Friday, December 10, 2004


Democracy Undermind in Palestine, or The Problem with Fatah

There is an article by Graham Usher in al-Ahram Weekly about the candidacy of Marwan Barghouti, which in my opinion is very perceptive in getting to the bottom of what politics are really at play here. I think the issue here is that Fatah is, at the moment, essentially a non-democratic institution. Fateh as the largest and most powerful political organization in the Palestinian territories is in favor of democracy in terms of national decision-making because it knows that it is the most powerful. But internally, this is not the case. As Usher writes:
Like many in Fatah, he had been angered by the way Abbas had been chosen. It had remained the prerogative of Fatah's Central Committee (FCC) and Revolutionary Council (FRC), two institutions dominated by the so- called "old guard" or those "outside" Fatah leaders who had returned from exile with Arafat and who derived their position (and privileges) solely from him.
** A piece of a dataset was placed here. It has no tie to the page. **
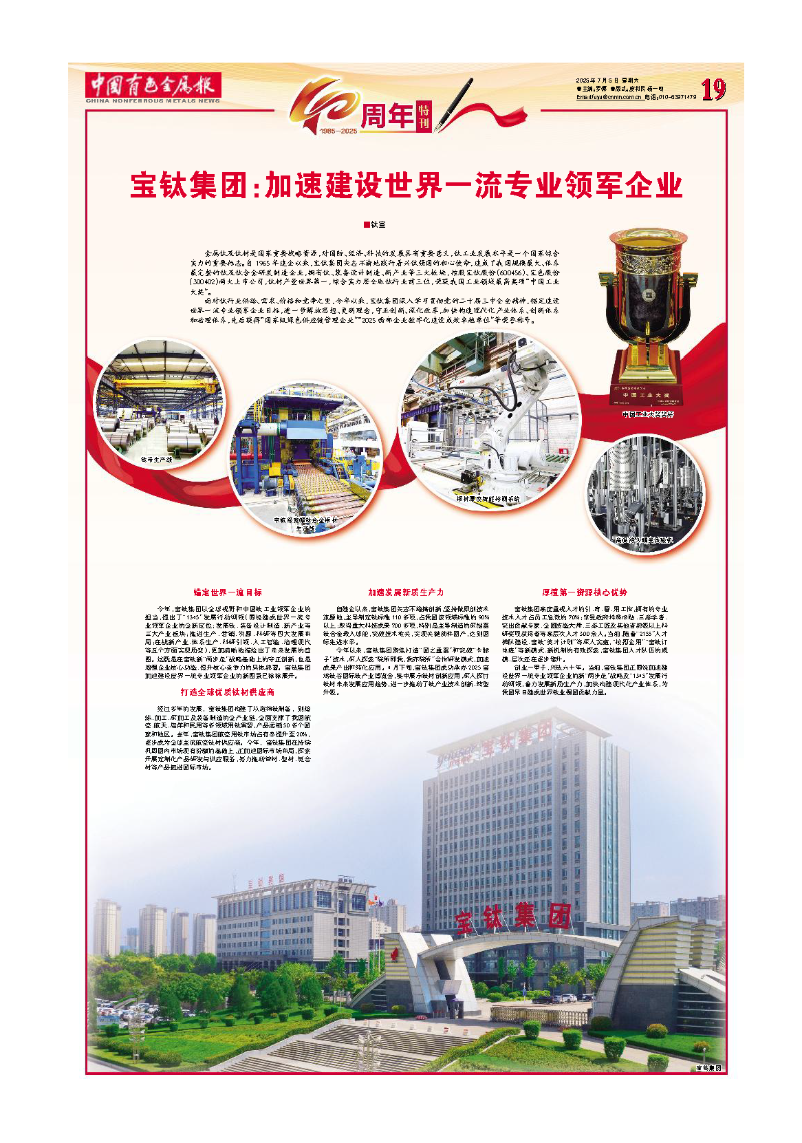 面對鈦行業(yè)供給、需求、價格和競爭之變,今年以來,寶鈦集團深入學習貫徹黨的二十屆三中全會精神,錨定建設世界一流專業(yè)領軍企業(yè)目標,進一步解放思想、更新理念,守正創(chuàng)新、深化改革,加快構建現(xiàn)代化產(chǎn)業(yè)體系、創(chuàng)新體系和治理體系,先后獲得“國家級綠色供應鏈管理企業(yè)”“2025西部企業(yè)數(shù)字化建設成效卓越單位”等榮譽稱號。

So within Fatah there is a difference between democracy and power. The idea that Barghouti's candidacy is "dividing Fatah" is somewhat of a canard. The implication is that Barghouti is weakening Fatah. This is not the case - as Fadwa Barghouti, Marwan's wife, says in an interview:
He is not dividing Fatah. Marwan is Fatah. And there are lots of people in Fatah -- including leaders from the first and second Intifadas -- who will support his candidacy.
Marwan is Fatah. Not that he encapsulates what Fatah is or isn't, but he is a member of Fatah and is a Fatah candidate (whether he is running as an "independent" or not, everybody knows that he is Fatah). Whether he or Abu Mazin wins, it will be a Fatah victory. And his entering his candidacy in no way reduced the possibility of a Fatah victory. There is no non-Fatah challenger in this race. As much as I admire Mustafa Barghouthi, this is the truth. So what, then, is meant by "dividing Fatah"? Essentially it means dividing Fatah's power internally. It means diluting the power held by the FCC and the FRC, taking the decision-making out of their hands and putting it in the hands of the voters. And this is what makes the FCC and the FRC, and the "old guard" in general, fundamentally undemocratic. These men are not interested in democracy so much as in power. And those of the "young guard" or "insiders" such as Zacharia Zubeida of the al-Aqsa Martyrs Brigades who have now come out against Marwan Barghouti's candidacy are exposing themselves as having a greater interest in power than in democracy. And to some extent, this is the more attractive option. Abu Mazin travels to Syria and Lebanon; as for the Barghoutis, Marwan is imprisoned and Mustafa is beaten up by the IDF and cannot travel to Gaza or even into Hebron. Writes Usher, "Mahmoud Abbas's home in Ramallah is a palatial villa spread on a hillside surrounded by black limousines and a ring of Palestinian police. Marwan Barghouti's home is a second floor flat in a six-storey concrete apartment block." This is the choice of the Palestinians.